Confusion about units in $\mathbb{Z}[\sqrt{d}]$ I'm a bit confused about units in $\mathbb{Z}[\sqrt{d}]$. For one, if $u$ is a unit, then it has an inverse $v$ and $uv=1$ so $N(uv)=N(u)N(v)=1$ which implies $N(u)=\pm 1$. This seems to be true no matter what $d$ is.
On the other hand, if $N(u)=\pm 1$, then $u\bar{u}=1$ so $u$ is a unit with inverse $\bar{u}$.
It seems that some values of $d$ are special, where the only units are $\pm 1$. In $\mathbb{Z}[\sqrt{-3}]$, if $u=a+b\sqrt{-3}$ is a unit then $N(u)=a^2+3b^2=\pm1$ which implies that $b=0$ and $a=\pm 1$, so $u=\pm 1$. On the other hand, in $\mathbb{Z}[\sqrt{6}]$, the element $5+2\sqrt{6}$ has norm $1$.
My questions are:

*

*For which $d$ are the only units $\pm 1$? It seems to work when $d<-1$.

*If $d>1$, are there always more than two units?

*Is it always true that $u$ is a unit $\iff$ $N(u)=\pm 1$?

 A: The answer to all your questions is "yes", with a small caveat for the second one: if $d\gt 1$ is not a square, then $\mathbb{Z}[\sqrt{d}]$ has infinitely many units. (if $d$ is a square, then $\mathbb{Z}[\sqrt{d}]=\mathbb{Z}$, which has only $1$ and $-1$ as units).
This comes from studying the so-called Pell Equation $x^2-dy^2=1$ (you can also invoke Dirichlet's Unit Theorem, but this is not needed here as it happens).
Assume that $d$ is not a square, so that $\mathbb{Z}[\sqrt{d}]\neq \mathbb{Z}$. Elements can be written uniquely as $a+b\sqrt{d}$ with $a,b\in\mathbb{Z}$ (this is where we are using that $d$ is not a square, so that $\sqrt{d}$ is not an integer).
The following answers your third question:
Theorem.
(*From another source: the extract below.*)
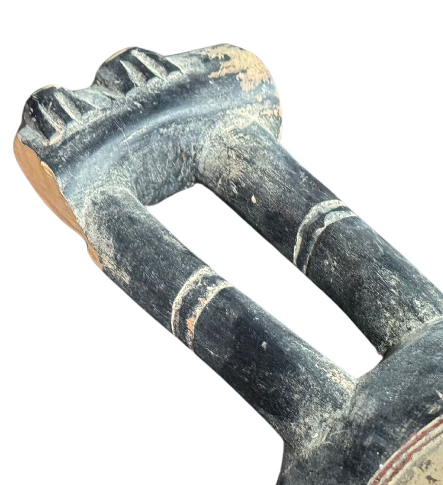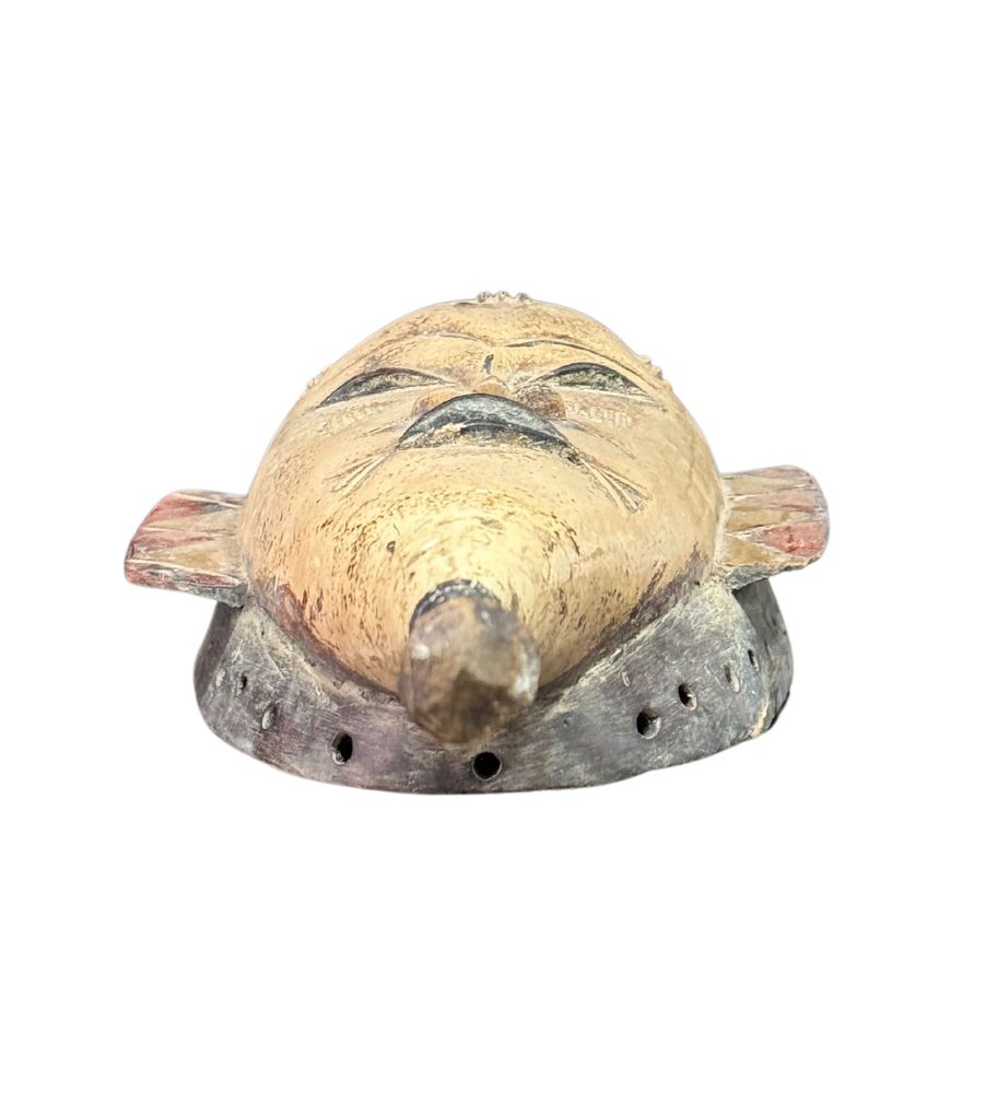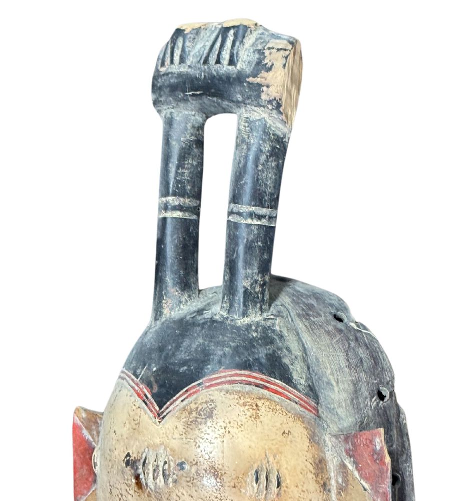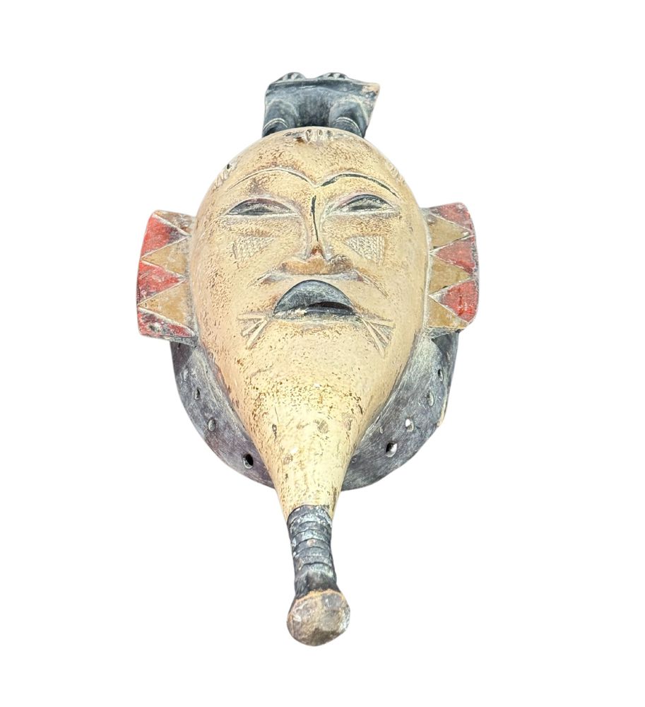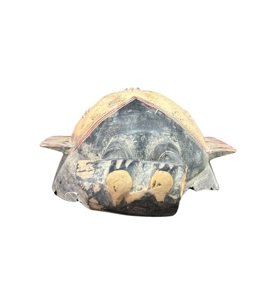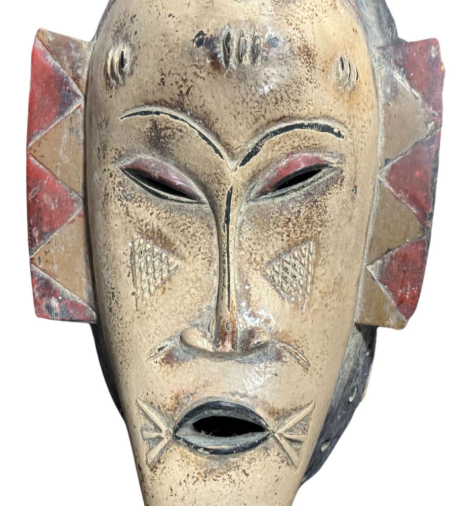 Maschera in legno, periodo XX secolo, raffigurante Maschera orientale. Dimensioni:: h59x21x7. Maschera in buone condizioni con lievi segni di vissuto e mancanze come da foto allegate.

Let $d$ be an integer, not a square. Define $N\colon\mathbb{Z}[\sqrt{d}] \to \mathbb{Z}$ by $N(a+b\sqrt{d}) = a^2-db^2$. Then $N(xy)=N(x)N(y)$ for all $x,y\in\mathbb{Z}[\sqrt{d}]$, and $x\in\mathbb{Z}[\sqrt{d}]$ is a unit if and only if $N(x)=\pm 1$.
Proof. The first part can be verified by direct calculation. If $x=a+b\sqrt{d}$ has norm $1$, then $a-b\sqrt{d}$ is its multiplicative inverse; if it has norm $-1$, then $-a+b\sqrt{d}$ is its multiplicative inverse. Conversely, if $y$ is the inverse, then $N(1) = 1 = N(x)N(y)$, so $N(x)=1$ or $N(x)=-1$. $\Box$
Proposition. Let $d$ be a negative integer. If $d\lt-1$ then the only units of $\mathbb{Z}[\sqrt{d}]$ are $\pm 1$. If $d=-1$, then the units of $\mathbb{Z}[\sqrt{d}] = \mathbb{Z}[i]$ are $\pm1$ and $\pm i$.
Proof. If $d\lt 0$ then there are no solutions to $x^2-dy^2=-1$, since the left hand side is always nonnegative. If $d\lt -1$, then $x^2-dy^2=1$ requires $y^2=0$, so $x=\pm 1$. And $x^2+y^2=1$ has solutions $(\pm 1,0)$ and $(0,\pm1)$, giving $\pm 1$ and $\pm i$. $\Box$
The following shows that for nonsquare positive $d$, there are always units other than $1$ and $-1$:
Theorem. If $d\gt 0$ is not a square, then $x^2-dy^2=1$ has at least one solution with $y\neq 0$.
Proof. See this post.  $\Box$
Any such solution gives the units $x\pm y\sqrt{d}$.
In fact, once you have any solution other than $\pm 1$, you get infinitely many solutions, since:
Theorem. If $(x_1,y_1)$ and $(x_2,y_2)$ are solutions to $x^2-dy^2=1$, with $d$ not a square, then so is $(x,y)$, where
$$x+y\sqrt{d} = (x_1+y_1\sqrt{d})(x_2+y_2\sqrt{d}).$$
Proof: We have
$$\begin{align*}
x^2 - dy^2 &= N(x+y\sqrt{d})\\
&= N(x_1+y_1\sqrt{d})N(x_2+y_2\sqrt{d})\\
&= (1)(1) = 1. \qquad\Box
\end{align*} $$
Now suppose that $a+b\sqrt{d}$ is a solution, with $b\neq 0$. We may assume that $b\gt 0$. Then so is $(a+b\sqrt{d})^k$ for every $k$; none of these are equal to $1$, since we must have $d\gt 0$ and the only real roots of unity are $1$ and $-1$. So the sequence $(a+b\sqrt{d})^k$ gives infinitely many distinct units in $\mathbb{Z}[\sqrt{d}]$. This gives a positive answer to your first and second question, once we add the assumption that $d$ is not a square.
Sometimes you get units with $N(u)=-1$, but sometimes you do not. For example, in $\mathbb{Z}[\sqrt{3}]$, we get no elements of norm $-1$: if $x$ and $y$ are integers, then $x^2-3y^2\equiv x^2\equiv 0,1\pmod{3}$, so we cannot have $x^2-3y^2=-1$.
The solutions to the equations $x^2-dy^2=\pm1$ with $d$ not a square are covered in LeVeque's Topics in Number Theory, volume 1, Section 8.2.